How to make the economy grow faster

(written by lawrence krubner, however indented passages are often quotes). You can contact lawrence at: lawrence@krubner.com, or follow me on Twitter.

I’m with the radicals here. I suspect that government intervention doesn’t seem to help economic growth, because the various Western governments have not attempted political and social revolutions since 1945. If a nation has a particular growth rate, and you’d like to double that growth rate, you need to make very radical changes. Among the more obvious things Western nations could do would look at the various constraints that keep women from fulfilling their potential. We have half the population held back by various customs. It is those customs that would need to change, if the economy was to grow faster.

Endogenous growth theory cuts both ways: if success breeds success, so failure breeds failure. The UK’s longstanding weaknesses in manufacturing – a lack of vocational skills, poor management and the consequent lack of animal spirits – might well condemn us to continued failure.

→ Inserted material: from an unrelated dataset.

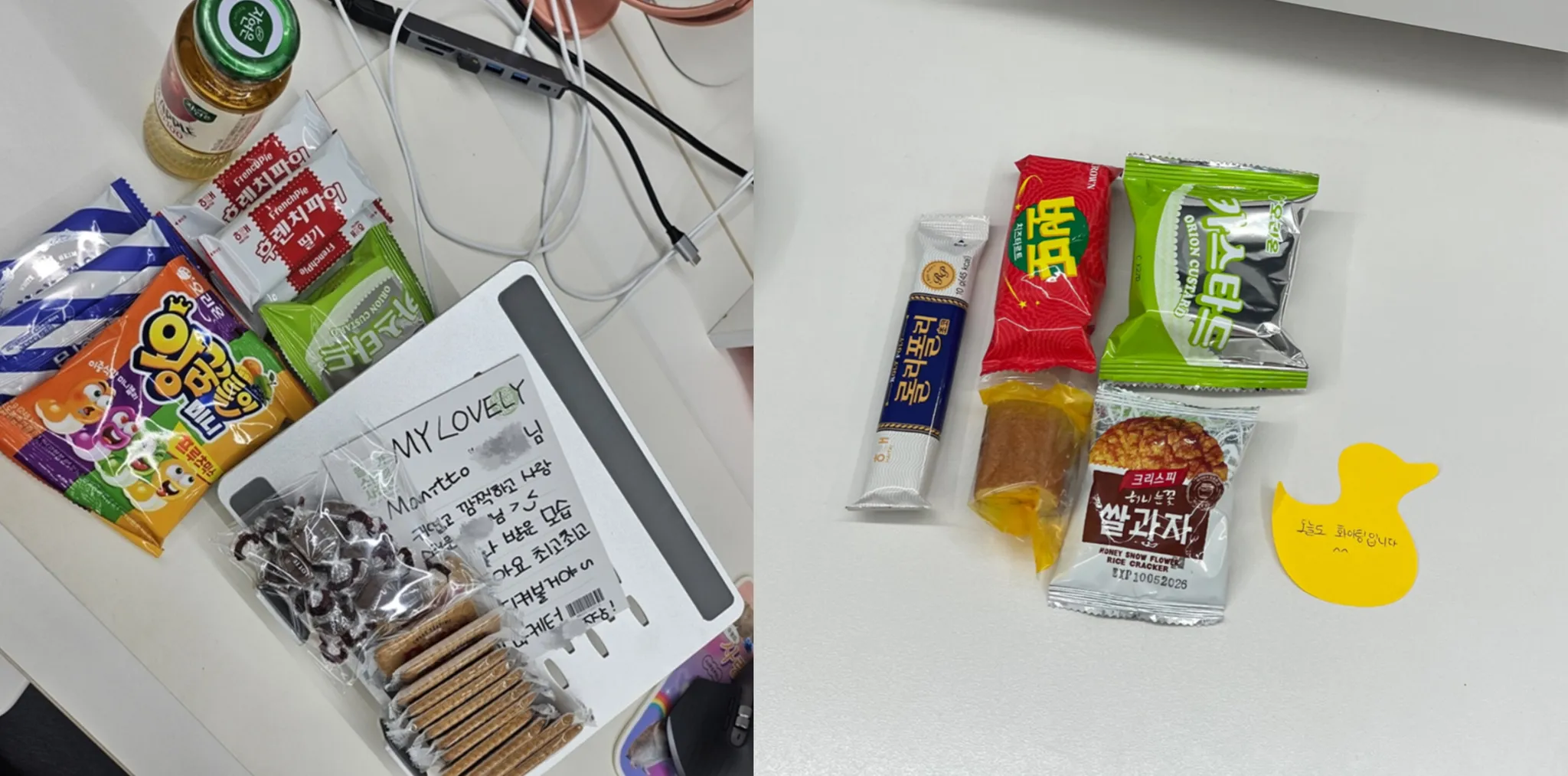 그 과정에서 자연스럽게 소소하지만 마음이 담긴 선물과 메시지를 주고받았답니다.

And Corbyn – like most politicians – is I fear insufficiently heedful of a point made (pdf) by Landon-Lane and Robertson, that national policies might (within reason) be unable to do much to raise growth.

You might, however, draw another inference from such scepticism – that it shows that we need radical and broad-spectrum policies to try to raise growth: not just UK-biased government procurement but also better macro policy, a national investment bank, better training and so on.